_WORK REQUIRED_
Below, find the line containing "初めてのお客様です。ご自身で" and the line containing "ビジネス・カードを導入してい"; reproduce exactly those two and every line between them, omitting pictures.
--- EXERCISE INPUTS Enclosed Below ---
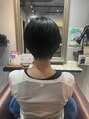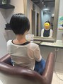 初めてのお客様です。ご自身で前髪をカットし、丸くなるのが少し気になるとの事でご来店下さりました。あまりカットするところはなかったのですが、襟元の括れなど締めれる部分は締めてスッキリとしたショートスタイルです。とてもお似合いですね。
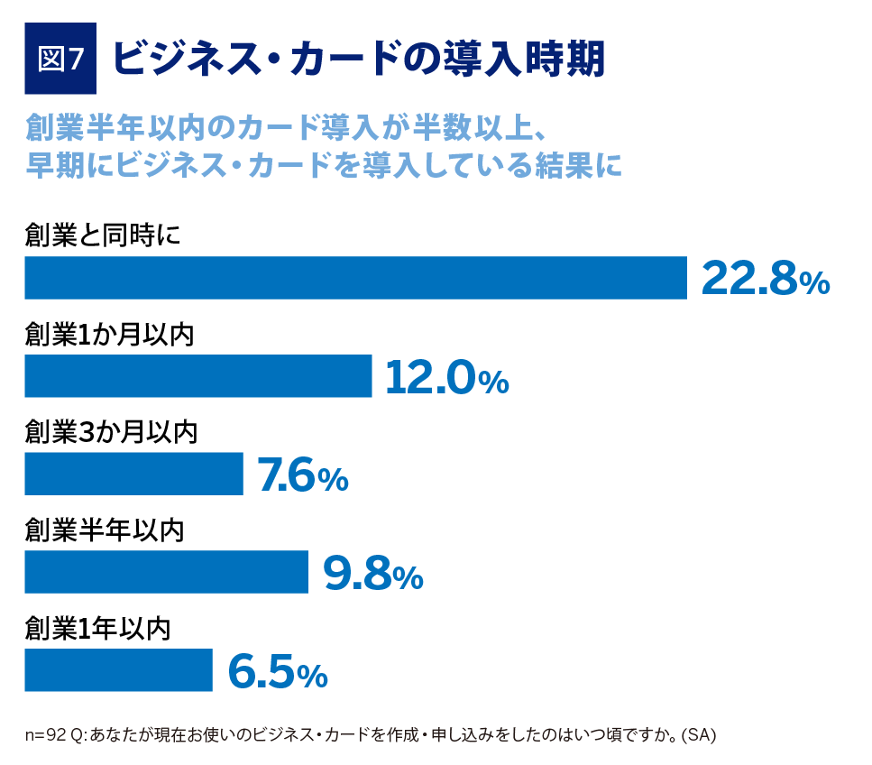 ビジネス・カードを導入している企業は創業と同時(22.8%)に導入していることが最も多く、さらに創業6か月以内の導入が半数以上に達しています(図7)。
--- End of Enclosed EXERCISE INPUTS ---
--- EXERCISE INPUTS Enclosed Below ---
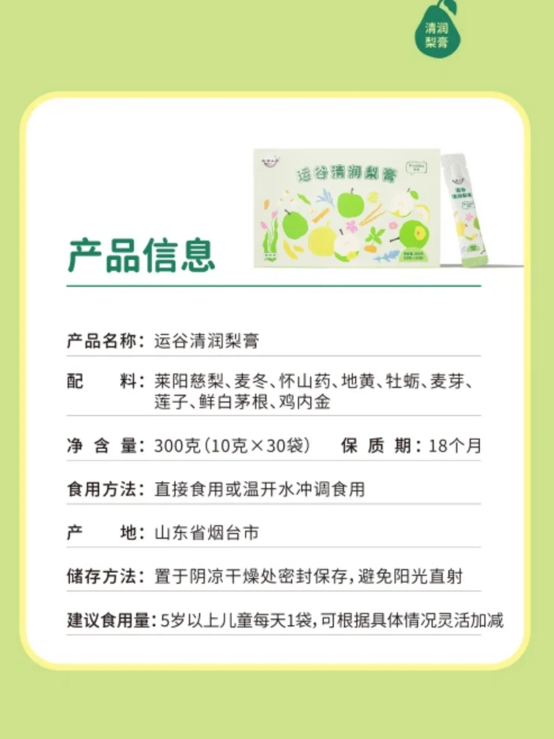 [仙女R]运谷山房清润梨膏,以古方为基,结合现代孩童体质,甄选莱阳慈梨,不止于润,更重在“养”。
--- End of Enclosed EXERCISE INPUTS ---
_YOUR SOLUTION_
 初めてのお客様です。ご自身で前髪をカットし、丸くなるのが少し気になるとの事でご来店下さりました。あまりカットするところはなかったのですが、襟元の括れなど締めれる部分は締めてスッキリとしたショートスタイルです。とてもお似合いですね。
 ビジネス・カードを導入している企業は創業と同時(22.8%)に導入していることが最も多く、さらに創業6か月以内の導入が半数以上に達しています(図7)。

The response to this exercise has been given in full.